Note that the transcoder service 204 can comprise or be coupled to a configured amount of memory to cache intermediate results and least recently used items can be cleaned to respect memory limits. Accordingly, an input stream 402, such as the incoming media stream 302, is received and segmented, as indicated by a block 404, into a plurality of segments. Each of the segments includes at least one of a video content, an audio content, or a subtitle content. Video, audio and subtitles are all chains of quality outputs. For example, the audio chain output one as that chain is multiplied per quality. Each of the segments is processed according to a content type, such as encoding. For example, the video content of the segment is processed in a block 406, the audio content of the segment is processed in a block 408, and the subtitle content of the segment is processed in a block 410. For example, in the block 408, the audio content is processed before an output of an encode quality. Such audio signal processing can comprise digital signal processing and can comprise equalization, resampling, volume normalization, filtering, synthesizing, modulation, compression, or any other type of audio signal processing. Upon completion of such processing, for each of the segments, content is joined and subsequently distributed in a network distribution manner, as indicated by a block 412. Therefore, different content types are handles in different processing chains. However, note that there can be multiple sequential transcoding operations and those intermediate results can be cached for future needs, where a transcoding operation can comprise any operation about or related to handling content.

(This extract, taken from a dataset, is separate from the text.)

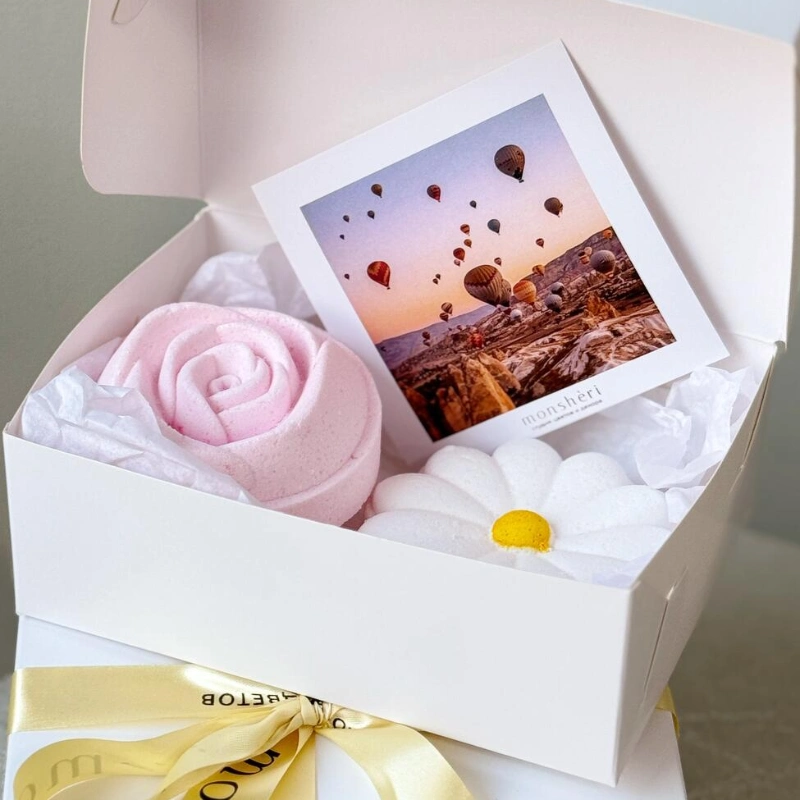 Подарочный бокс с бомбочками: ромашка и роза

Note that in the portion 500, a difference exists between a segment length and a transcoding time. In particular, the transcoding time of the segment A and the segment C are noticeably longer than the segment length of each of the segment A, the segment B, the segment C, and the segment D. Likewise, note that processing time of different segments from a same stream can vary depending on a content and how taxing the processing is to decode, transform, and encode. Similarly, note that the transcoding of segments can happen in parallel.

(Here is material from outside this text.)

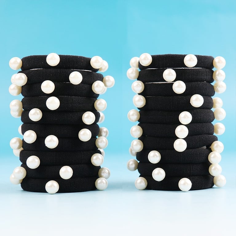 Belas gomas de cabelo com pequenas pérolas vão ficar bem em qualquer mulher.

Generally, a set of servers used for processing material from the input device 622 to the requester 614 operates as, includes, or is a pipeline. Therefore, at least a portion of pipeline information can be recorded when a material is transferred between components of the architecture 600. The requester 614 can include a last received pipeline information with at least one following request. The components of the architecture 600 can place requests from one or more servers specified in the pipeline information, where one or more of such servers can attempt to start serving requested content as soon as possible. For operational efficiency, one of more of such servers can limit concurrently processed requests to ensure that processing or storage resources are not overused. The architecture 600 employs a server running at least one of each of components types. However, the architecture 600 can be configured in other arrangements, such as the server running at least two of each of component types. For example, to start transcoding of a channel, a media player can be started or activated. Next, the media player can request a playlist from a requester server, such as the requester 614. The requester server can create a suitable playlist for a client, such as the client device 602, with many, most, or all predictable segments. Then, the client can start to play a stream by requesting segments through the requester server. Next, the requester server can return one or more segments from a memory cache or trigger one or more new transcoding jobs. The transcoder, such as the transcoder 618, can requests content from the input server, such as the input service 620, which starts to receive the stream. Transcoding can automatically stops as soon as the media player is stopped. Note that the requester server can create playlists and request, multiplex, encapsulate a single type of media into a streaming protocol's standard container format, cache, and serve transcoding results.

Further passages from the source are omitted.